Currently, only the nexus file format is supported for the multiple sequence alignment. If you have any other file format you would like to see incorporated into tombRaider, please let us know and we'll include it in the next major update.

4.5 Log file

Besides the summary report tombRaider prints to the Terminal window (please see an example summary report provided by tombRaider when running tombRaider --example-run), a log file can be written as output by tombRaider using the --log parameter.

tombRaider --example-run

The summary report printed to the Terminal window provides information about the incorporated critera to identify artefacts on the first line, progress bars and elapsed time during file inport and the identification of artefacts in the second and third lines. Potential warning messages are written below the progress bars when output files are not specified. Below the progress bars and potential warning messages are the summary statistics, including the total number of sequences analysed by tombRaider, the total number of artefacts identified with the proportion between brackets, followed by a list of each parent and identified children. The log output file contains further detailed information on why a sequence was deemed an artefact and can be generated for inclusion as a supplemental file in your manuscript to enable other research groups to recreate the obtained results prior to statistical analysis.

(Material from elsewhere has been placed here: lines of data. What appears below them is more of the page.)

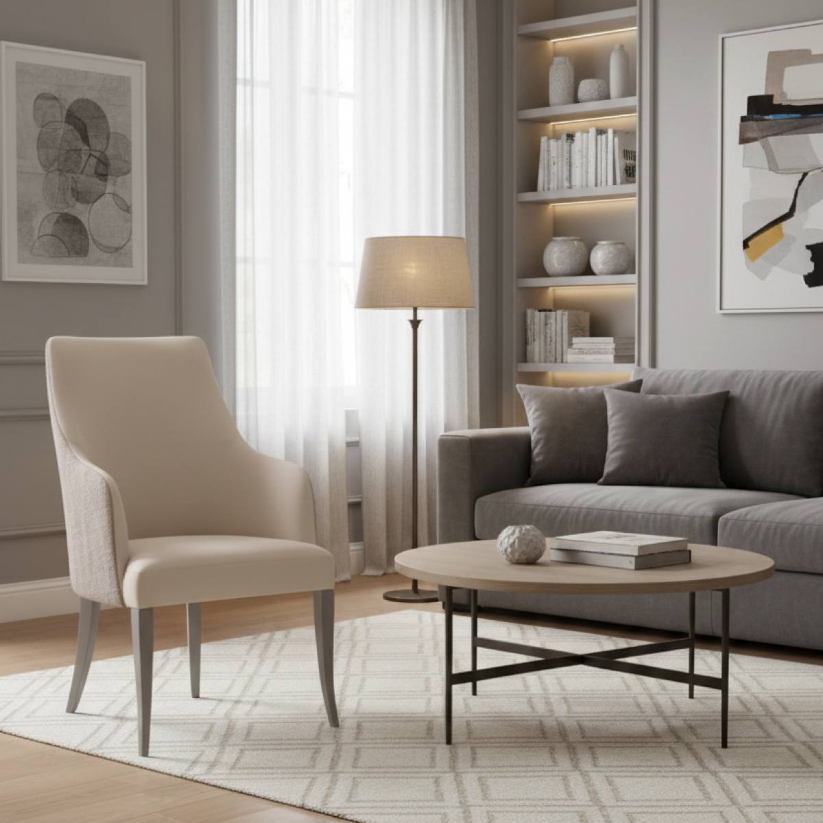 Luxury Upholstered Dining Armchair in Light Beige with Textured Back Panel and Light Greige Legs is a distinguished luxury upholstered dining armchair crafted to elevate sophisticated European interiors. Its gently sculpted wraparound form offers ergonomic support while maintaining a clean and elegant silhouette. The light beige upholstery creates a soft, versatile tone that complements both classic and contemporary dining settings. A contrasting textured back panel adds depth and subtle visual interest, while the light greige wooden legs provide architectural balance. Designed with refined proportions, it stands among premium luxury armchairs for dining room that blend comfort with timeless craftsmanship.
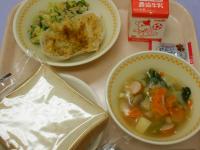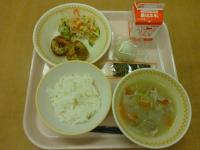 今日の給食は、「ごはん・焼きメンチ・アーモンドサラダ・クラムチャウダー・牛乳」です。
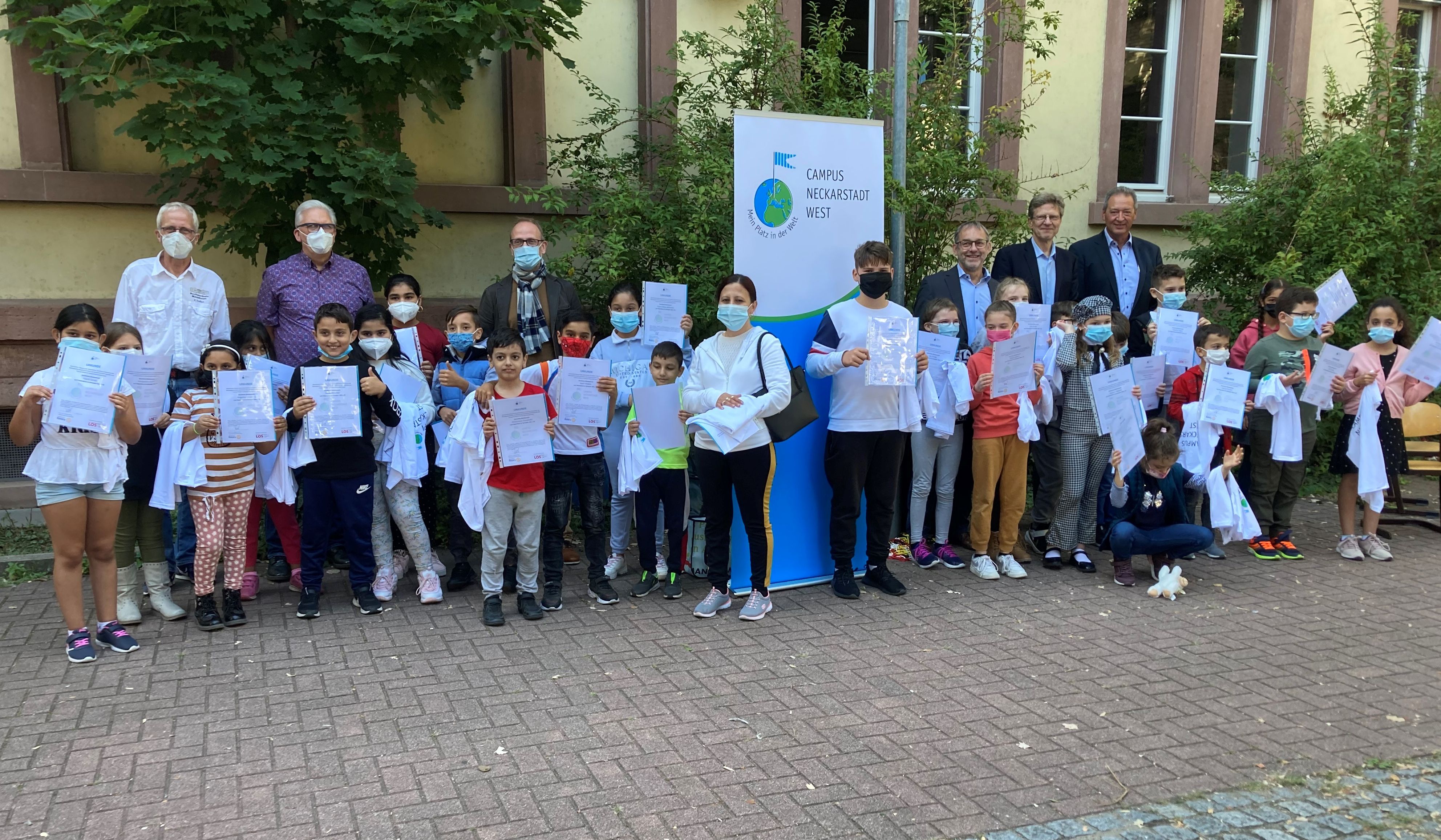 Stipendien-Übergabe für Campus-Kinder: Heute übergaben die Mannheimer Rotarier-Vereinigugen Stipendien an die Kinder des Campus Neckarstadt-West. Der Förderverein Campus Neckarstadt-West steuerte T-Shirts bei. Bildungsbürgermeister Dirk Grunert (Mitte) dankte den Spendern.
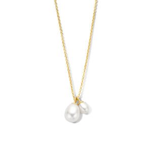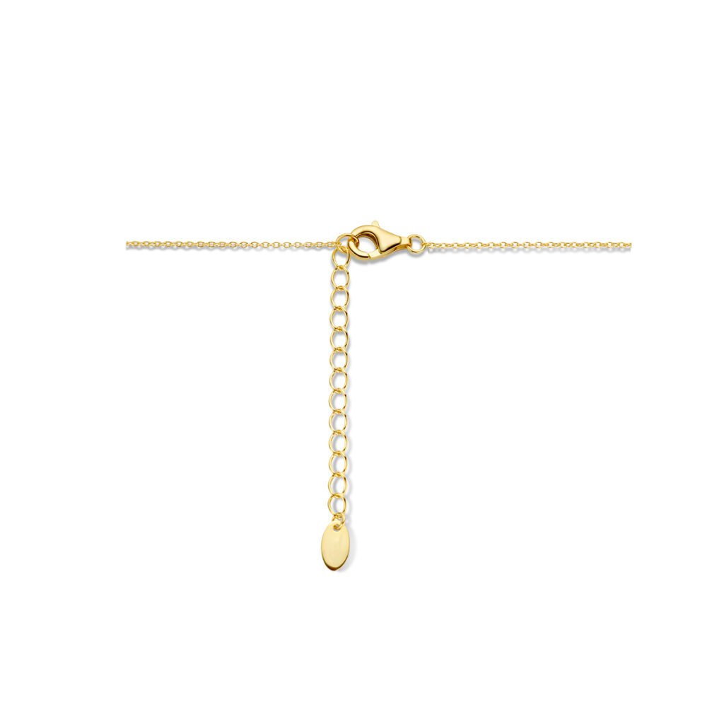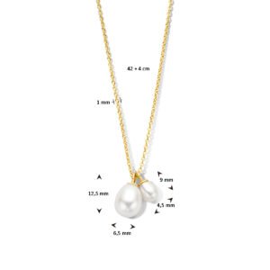 Geelgoud op 925 zilveren collier uitgevoerd met zoetwaterparels en een karabijnsluiting. Het collier heeft een schakelbreedte van 1mm en een draaglengte van 42cm met 4cm extensie. Geen garantie op de plating
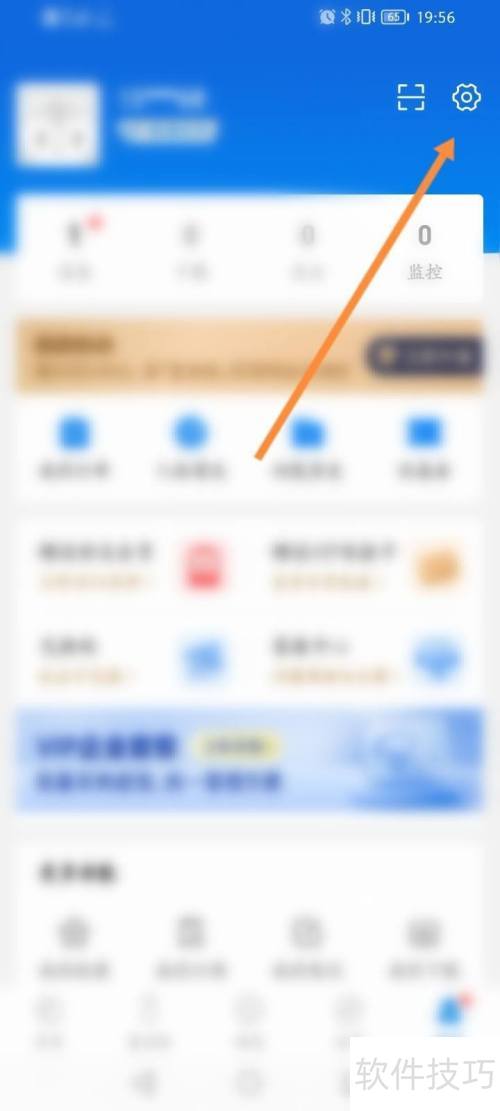 1、 首先,打开手机上的企查查应用,找到并点击设置图标。
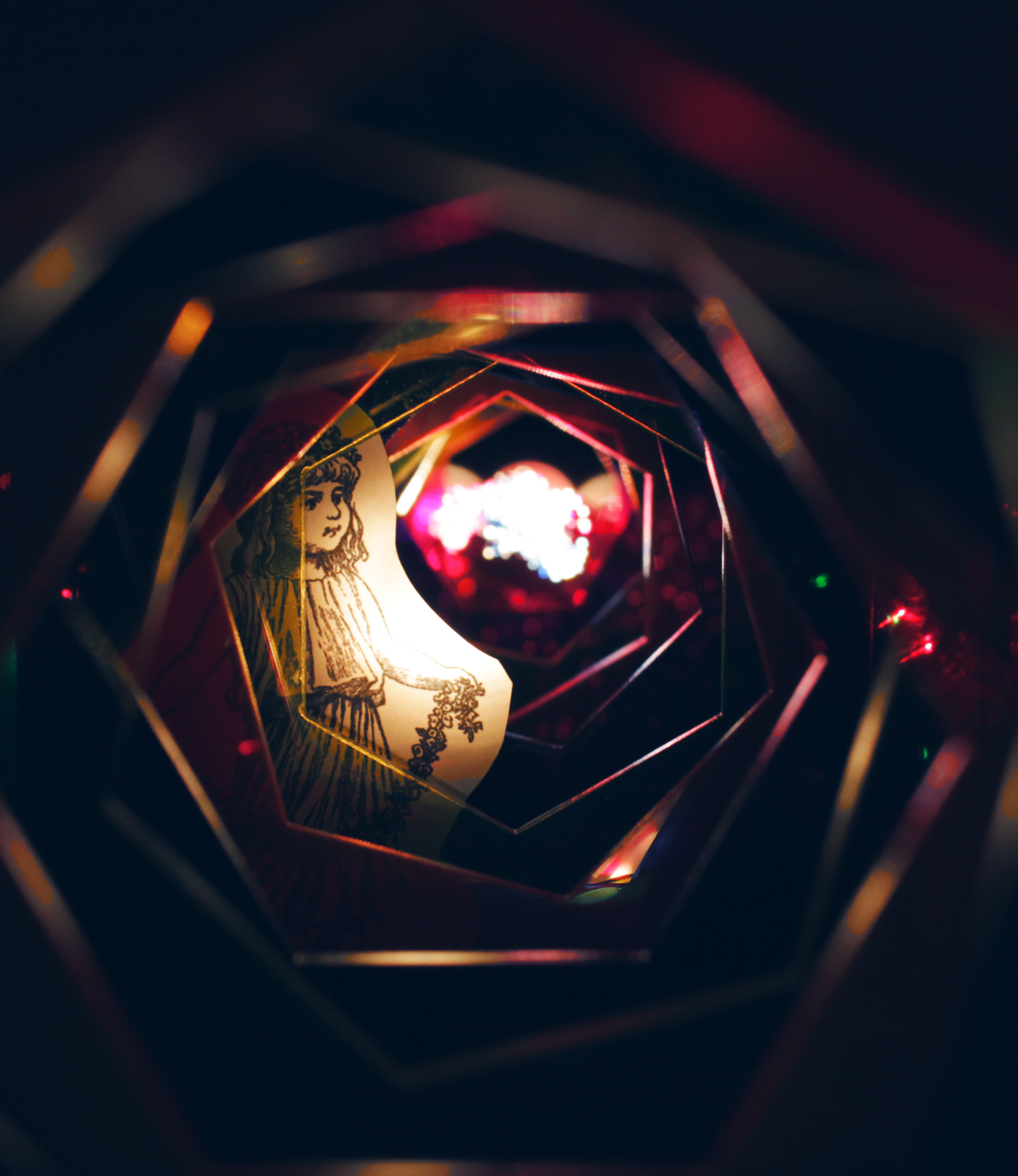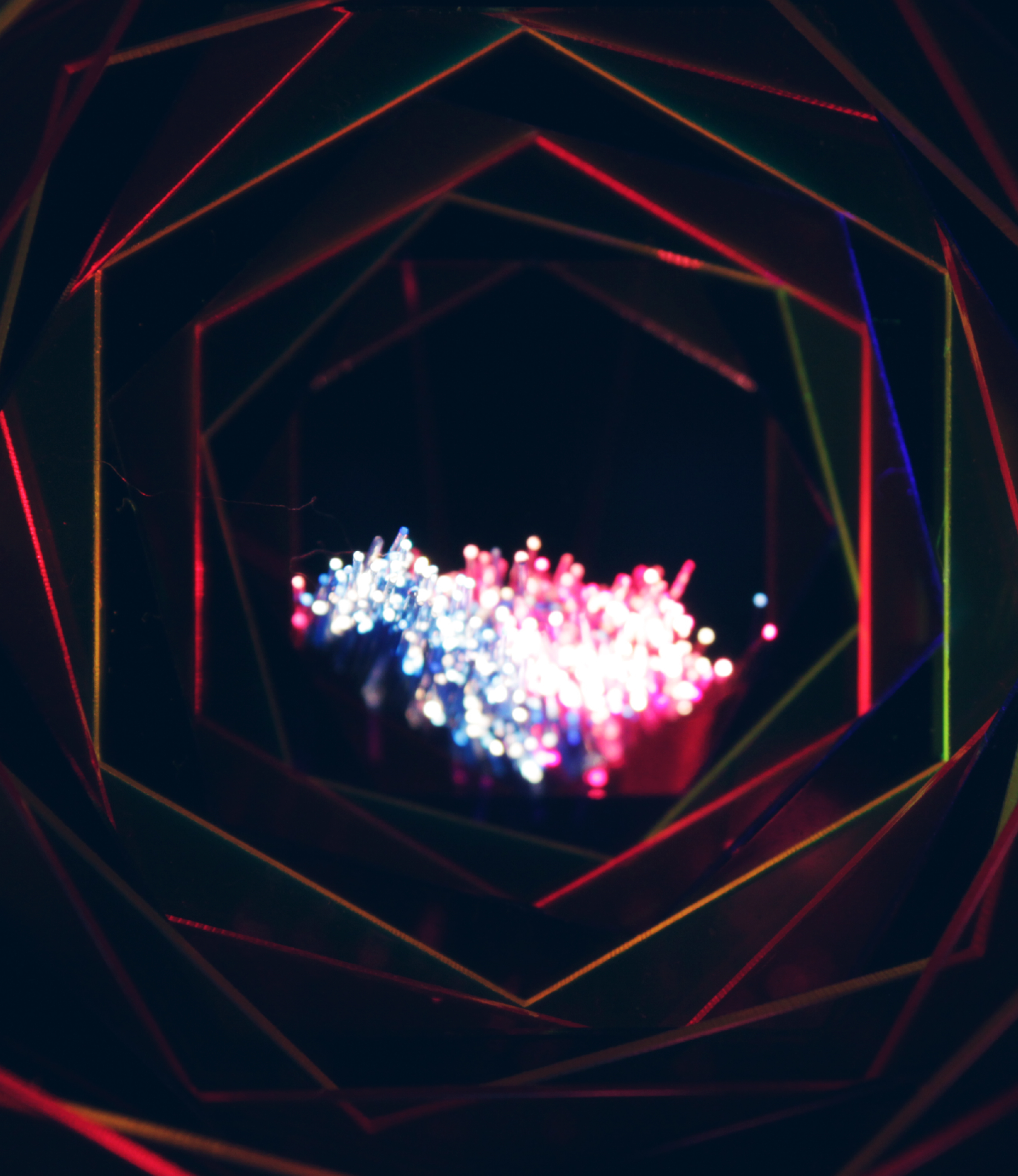 Before finalizing the key visual, I experimented with LED light transmission through 15 sequentially reduced and rotated hexagonal acrylic glass pieces, exploring how light refracted through the constructed tunnel scene.
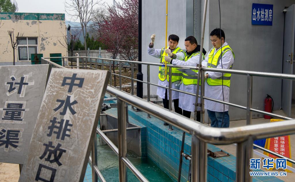 洛南县环境监测站人员在洛南县污水处理厂排放口进行定期采样监测(4月11日摄)。

An example of the log file can be found below:

tombRaider --detailed-log

5. Parameters

Please find below the details about all parameters incorporated into tombRaider. The order of the parameters below follows the order in which parameters occur in the help documentation in the Terminal.

tombRaider -h

5.1 General information

5.1.1 --criteria

tombRaider is a modular algorithm to identify artefact sequences in metabarcoding data sets. tombRaider includes the support of various criteria to identify artefacts, which can be specified using the --criteria parameter. Criteria can be specified using a string. Multiple criteria can be combined, which provides a more effective manner of identifying artefacts in metabarcoding data sets. To specify multiple criteria, the criteria should be separated by ; in the string. Currently, tombRaider supports 4 criteria to identify artefacts. Given the modular approach of the algorithm, future updates will include additional criteria based on novel findings in the scientific community. The following four criteria are currently supported:

  1. --criteria 'taxID': This criterium assesses if taxonomic ID's are identical between both OTUs/ASVs under investigation. This criterium is the most frequently-used method to identify artefacts in the metabarcoding literature to date, and follows the approach of merging OTUs/ASVs based on the taxonomic ID sequences obtain. The --taxon-quality parameter can be specified to further restrict this criterium by not only investigating the taxonomic ID, but also the quality of the sequences to the reference database (please see 5.2 Parameters) for more information about the --taxon-quality parameter.
  2. --criteria 'seqSim': This criterium assess the sequence similarity between both OTUs/ASVs under investigation. This criterium, in combination with co-occurrence patterns (--criterium 'coOccur') follows the approach pioneered by Froslev et al., 2017 and has since seen alteration and optimisation in a variety of settings, e.g., mumu. The similarity threshold that both OTUs/ASVs need to meet can be specified using the --similarity parameter. tombRaider can calculate pairwise sequence similarity using global and local alignment algorithms (parameter: --pairwise-alignment), as well as from a multiple sequence alignment input file (parameter: --alignment-input).
  3. --criteria 'coOccur': This criterium assesses the co-occurrence patterns between both OTUs/ASVs under investigation. This criterium, in combination with sequence similarity (--criterium 'seqSim') follows the approach of LULU. Data structure types and ratio methods/thresholds can be specified using the --occurrence-type and --occurrence-ratio parameters respectively.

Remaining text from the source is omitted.